WHAT YOU HAVE TO DO — Please transcribe the data exactly as shown, skipping the images.

[COLLECTED MATERIAL Boundary: Start]

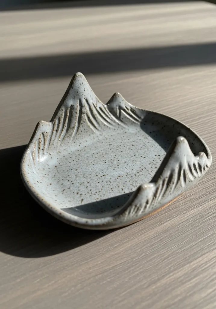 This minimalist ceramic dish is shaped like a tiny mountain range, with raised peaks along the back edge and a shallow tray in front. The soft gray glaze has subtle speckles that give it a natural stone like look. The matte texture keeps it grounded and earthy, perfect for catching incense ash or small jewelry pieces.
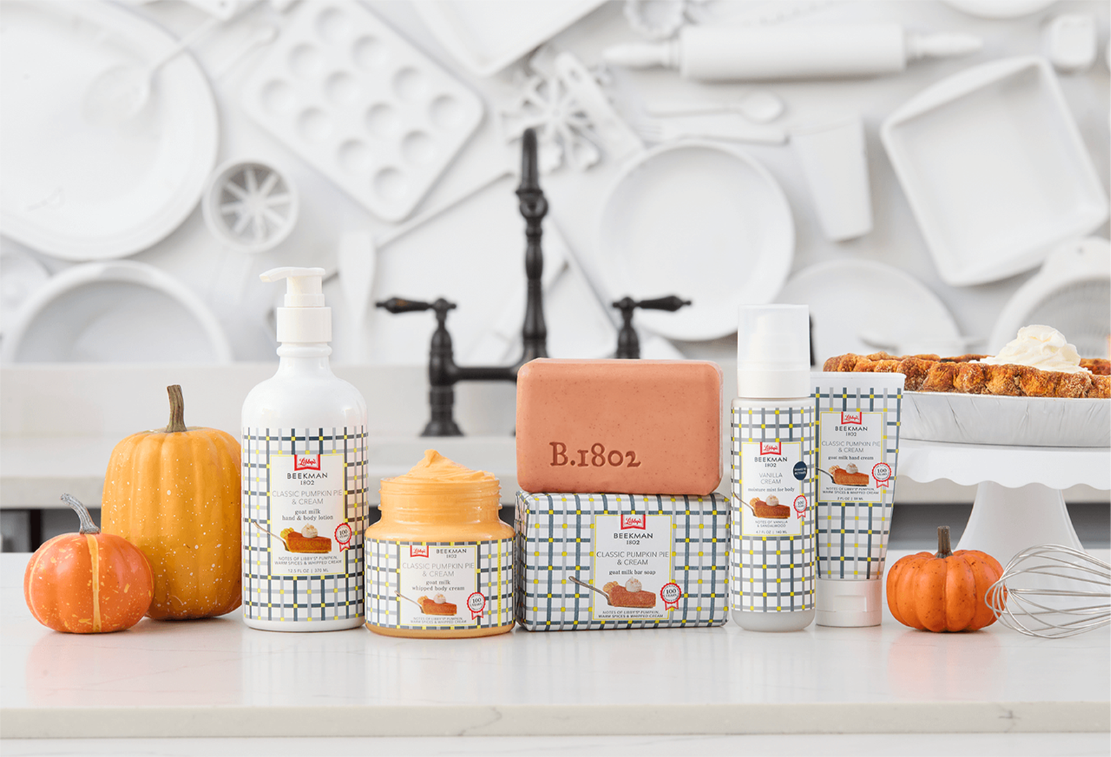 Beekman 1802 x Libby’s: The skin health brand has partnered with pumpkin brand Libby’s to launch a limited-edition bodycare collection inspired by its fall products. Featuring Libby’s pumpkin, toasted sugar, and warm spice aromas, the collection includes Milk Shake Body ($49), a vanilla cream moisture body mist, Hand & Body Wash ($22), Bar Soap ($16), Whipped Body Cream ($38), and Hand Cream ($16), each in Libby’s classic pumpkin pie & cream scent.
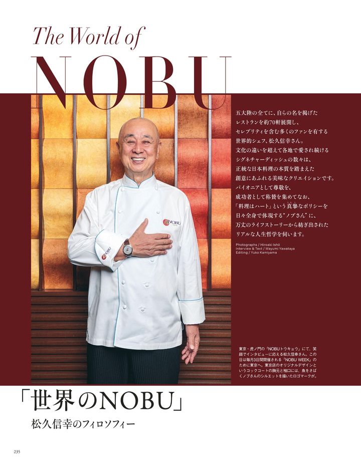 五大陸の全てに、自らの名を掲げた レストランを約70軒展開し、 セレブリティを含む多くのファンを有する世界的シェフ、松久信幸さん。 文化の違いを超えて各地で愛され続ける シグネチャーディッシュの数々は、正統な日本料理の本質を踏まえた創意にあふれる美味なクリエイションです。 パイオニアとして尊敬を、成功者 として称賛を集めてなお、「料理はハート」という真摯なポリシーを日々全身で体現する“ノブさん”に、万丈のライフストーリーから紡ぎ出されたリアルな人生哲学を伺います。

[COLLECTED MATERIAL Boundary: End]

RESPONSE —
 This minimalist ceramic dish is shaped like a tiny mountain range, with raised peaks along the back edge and a shallow tray in front. The soft gray glaze has subtle speckles that give it a natural stone like look. The matte texture keeps it grounded and earthy, perfect for catching incense ash or small jewelry pieces.
 Beekman 1802 x Libby’s: The skin health brand has partnered with pumpkin brand Libby’s to launch a limited-edition bodycare collection inspired by its fall products. Featuring Libby’s pumpkin, toasted sugar, and warm spice aromas, the collection includes Milk Shake Body ($49), a vanilla cream moisture body mist, Hand & Body Wash ($22), Bar Soap ($16), Whipped Body Cream ($38), and Hand Cream ($16), each in Libby’s classic pumpkin pie & cream scent.
 五大陸の全てに、自らの名を掲げた レストランを約70軒展開し、 セレブリティを含む多くのファンを有する世界的シェフ、松久信幸さん。 文化の違いを超えて各地で愛され続ける シグネチャーディッシュの数々は、正統な日本料理の本質を踏まえた創意にあふれる美味なクリエイションです。 パイオニアとして尊敬を、成功者 として称賛を集めてなお、「料理はハート」という真摯なポリシーを日々全身で体現する“ノブさん”に、万丈のライフストーリーから紡ぎ出されたリアルな人生哲学を伺います。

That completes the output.